Ulu çınar ağaçlarının rüzgârla birlikte söylediği hüzünlü şarkıyı dinliyorum...
Renkli, küçük bir kuşun dikkatini çekiyor bedenim...
Taşları yosun tutmuş dilsiz köprünün altından, riyakâr olduğu kadar güzel de bir dere akıyor...
Yeniden doğacağına inan, çaresiz kırlangıcı alıyor koynuna, bilinmeze götürüyor...
&&&
Adını bilmediğiniz iki köy arasında nefeslenmek, yüzümü yıkamak, susuzluğumu gidermek, bazen de bakkaldan aldığım öteberiyi mideye indirmek için mola verdiğim çeşme başında, nice zaman önce karalamıştım bu cümleleri...
“Ulu çınar” ağaçları yazdığıma bakmayın siz...

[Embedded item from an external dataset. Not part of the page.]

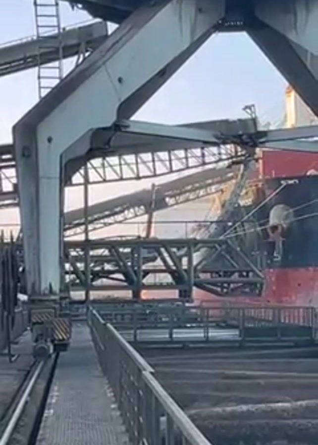 The camera is at a port, looking out past a concrete drainage structure, a large metal structure with a crane, and a ship, towards a body of water and a collection of cranes in the distance on the other side of the water. The ship is visible through the metal structure and is red and black. The sky is blue. There are a few birds in the air.

Çınar ağacı falan yok orada!
Uzun kavaklar var!
Neden?
Kavakların yerine çınarlar olsun istedim, ondan!
Büyü bozulacak ama
Olmayan çınar ağaçlarının söylediği hüzünlü şarkının radyodan geldiğini de belirtmem gerekiyor...
Taşları yosun tutmuş köprünün dilsiz olduğunu da ben uydurdum!
Sesini duyuyor fakat ne söylediğini anlayamıyorum!
Kırlangıcın yeniden doğacağına inandığını nereden biliyorsun diyeceksiniz?
E dere söyledi!
Derenin güzel olduğunu da ben kendi gözlerimle gördüm... Hem de çıplakken!
Kimleri kimleri koynuna alıp kandırmış haspa!
Dereye “riyakâr” dedim ya, renkli küçük kuşun yalancısıyım!